▶ _EXERCISE PROMPT_: Please repeat the lines below exactly. Begin with the line containing "Product Name: Tiffany" and go on through the line containing "应用详情:AI百科专家是一款".

▶ _PROVIDED DATA_:
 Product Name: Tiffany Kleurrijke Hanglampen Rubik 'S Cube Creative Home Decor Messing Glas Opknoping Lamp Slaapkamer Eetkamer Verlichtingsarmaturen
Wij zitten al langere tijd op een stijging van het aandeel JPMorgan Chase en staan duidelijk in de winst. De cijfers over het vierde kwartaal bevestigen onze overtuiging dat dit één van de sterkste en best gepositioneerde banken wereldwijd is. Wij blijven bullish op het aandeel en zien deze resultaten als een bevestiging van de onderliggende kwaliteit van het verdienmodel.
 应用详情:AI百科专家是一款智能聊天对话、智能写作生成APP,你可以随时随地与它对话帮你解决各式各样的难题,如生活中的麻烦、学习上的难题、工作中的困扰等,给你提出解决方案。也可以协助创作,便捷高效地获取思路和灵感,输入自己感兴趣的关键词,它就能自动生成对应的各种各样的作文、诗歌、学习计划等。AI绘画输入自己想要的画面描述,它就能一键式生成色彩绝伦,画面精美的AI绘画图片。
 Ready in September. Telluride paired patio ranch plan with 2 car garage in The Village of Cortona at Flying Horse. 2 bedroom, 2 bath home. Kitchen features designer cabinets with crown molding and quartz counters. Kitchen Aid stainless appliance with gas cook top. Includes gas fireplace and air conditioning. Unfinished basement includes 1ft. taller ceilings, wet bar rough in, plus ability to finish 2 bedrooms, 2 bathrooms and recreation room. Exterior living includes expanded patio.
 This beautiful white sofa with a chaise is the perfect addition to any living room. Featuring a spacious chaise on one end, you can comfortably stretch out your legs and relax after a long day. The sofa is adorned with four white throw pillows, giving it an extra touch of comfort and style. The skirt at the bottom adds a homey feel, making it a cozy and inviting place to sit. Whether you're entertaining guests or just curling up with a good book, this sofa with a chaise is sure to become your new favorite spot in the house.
==
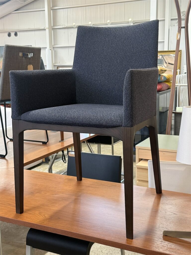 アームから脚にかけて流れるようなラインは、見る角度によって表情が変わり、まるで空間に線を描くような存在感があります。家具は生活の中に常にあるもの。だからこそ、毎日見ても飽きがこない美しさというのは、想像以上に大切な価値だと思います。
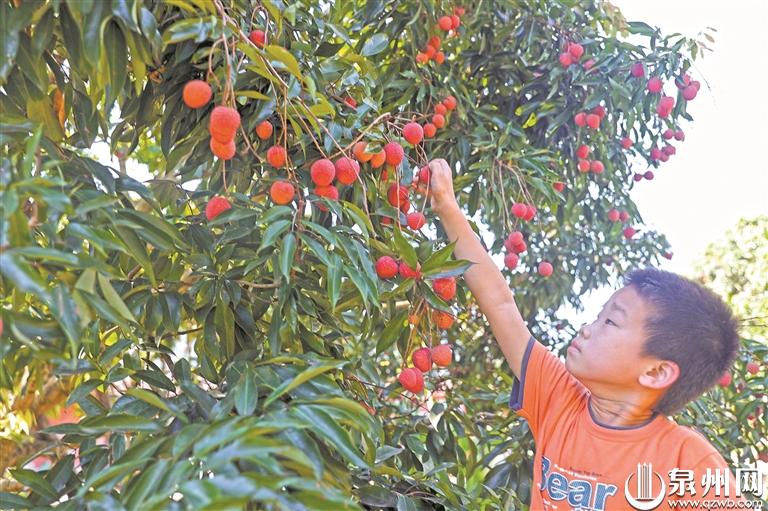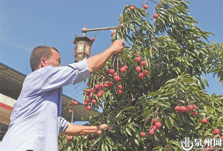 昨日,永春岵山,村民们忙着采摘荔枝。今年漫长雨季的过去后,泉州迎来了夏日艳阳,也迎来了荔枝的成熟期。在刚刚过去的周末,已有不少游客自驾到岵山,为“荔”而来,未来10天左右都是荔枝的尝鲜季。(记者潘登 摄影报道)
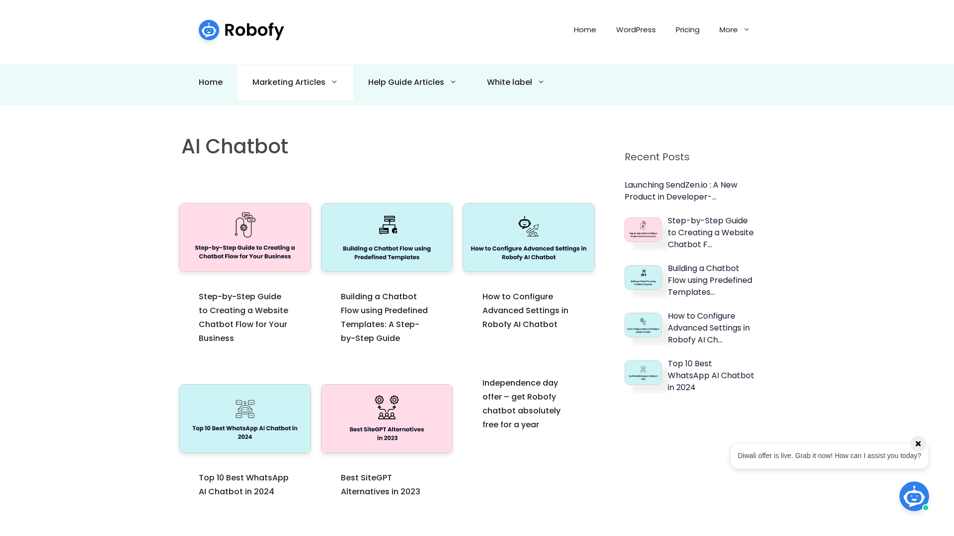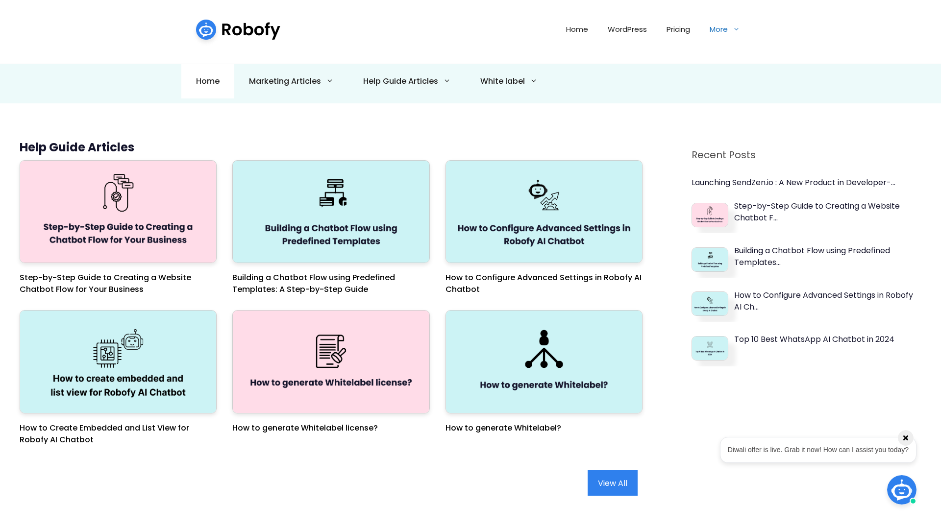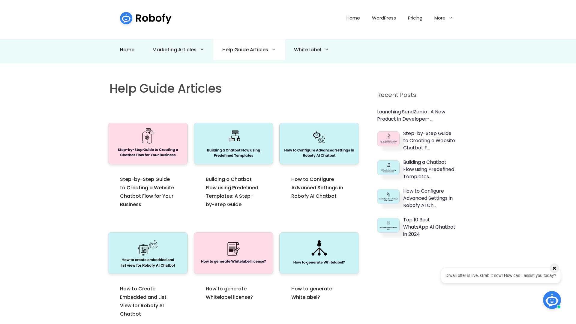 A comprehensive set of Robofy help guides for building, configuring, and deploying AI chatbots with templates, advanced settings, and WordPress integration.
---
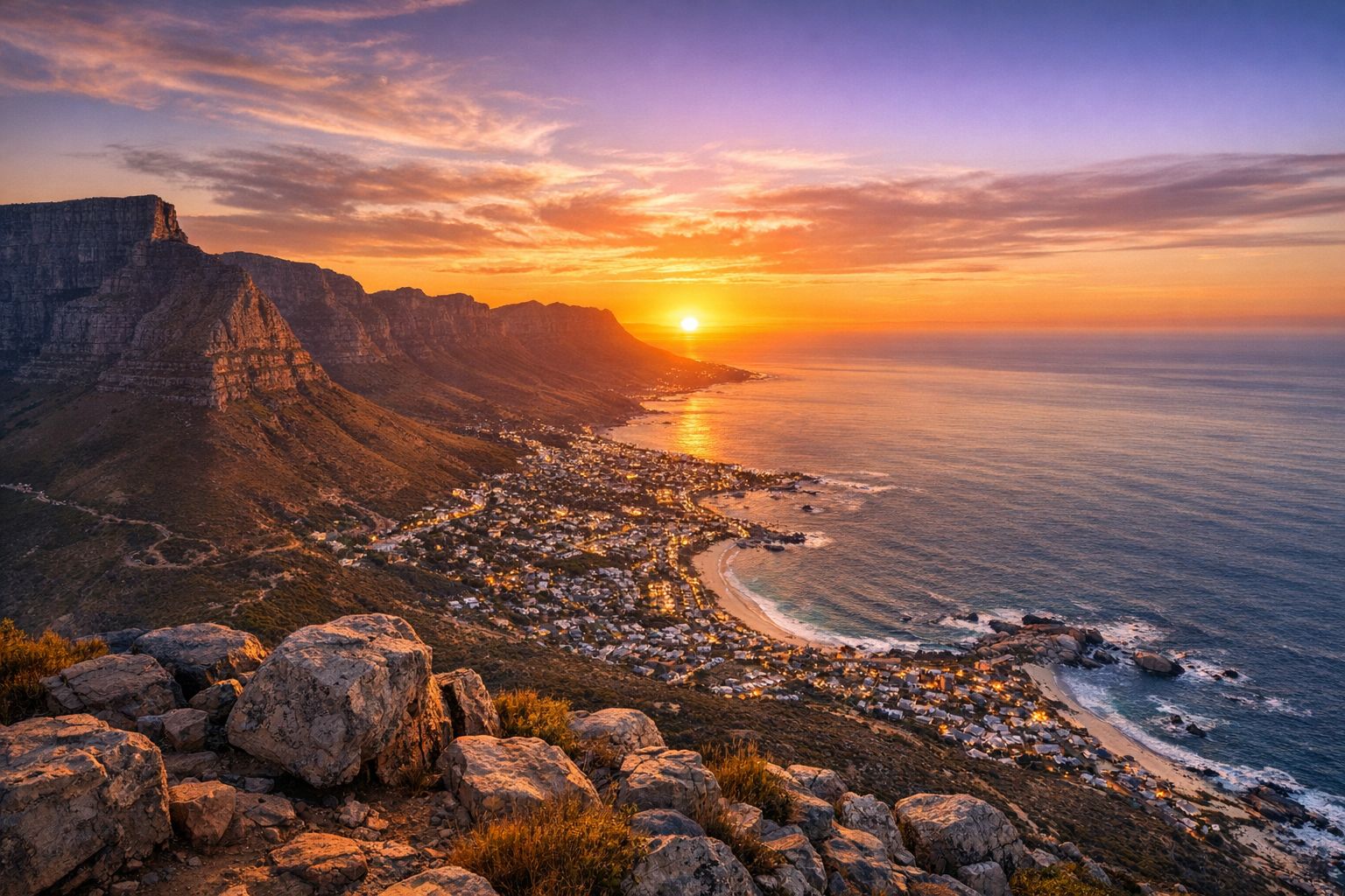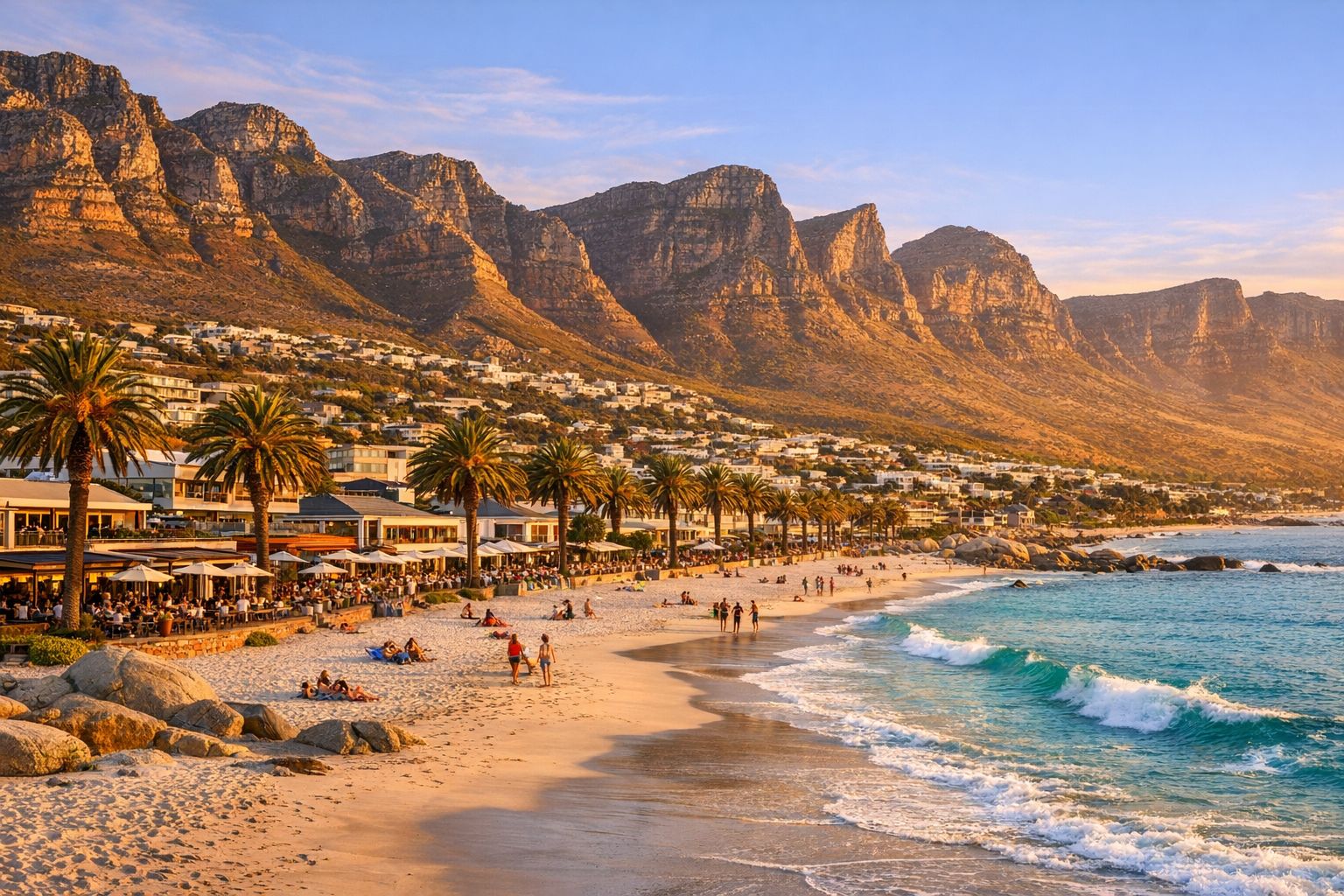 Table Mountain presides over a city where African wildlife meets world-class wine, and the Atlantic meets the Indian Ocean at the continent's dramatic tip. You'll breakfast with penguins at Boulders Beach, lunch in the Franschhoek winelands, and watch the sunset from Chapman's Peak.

▶ _PROBLEM SOLUTION_:
 Product Name: Tiffany Kleurrijke Hanglampen Rubik 'S Cube Creative Home Decor Messing Glas Opknoping Lamp Slaapkamer Eetkamer Verlichtingsarmaturen
Wij zitten al langere tijd op een stijging van het aandeel JPMorgan Chase en staan duidelijk in de winst. De cijfers over het vierde kwartaal bevestigen onze overtuiging dat dit één van de sterkste en best gepositioneerde banken wereldwijd is. Wij blijven bullish op het aandeel en zien deze resultaten als een bevestiging van de onderliggende kwaliteit van het verdienmodel.
 应用详情:AI百科专家是一款智能聊天对话、智能写作生成APP,你可以随时随地与它对话帮你解决各式各样的难题,如生活中的麻烦、学习上的难题、工作中的困扰等,给你提出解决方案。也可以协助创作,便捷高效地获取思路和灵感,输入自己感兴趣的关键词,它就能自动生成对应的各种各样的作文、诗歌、学习计划等。AI绘画输入自己想要的画面描述,它就能一键式生成色彩绝伦,画面精美的AI绘画图片。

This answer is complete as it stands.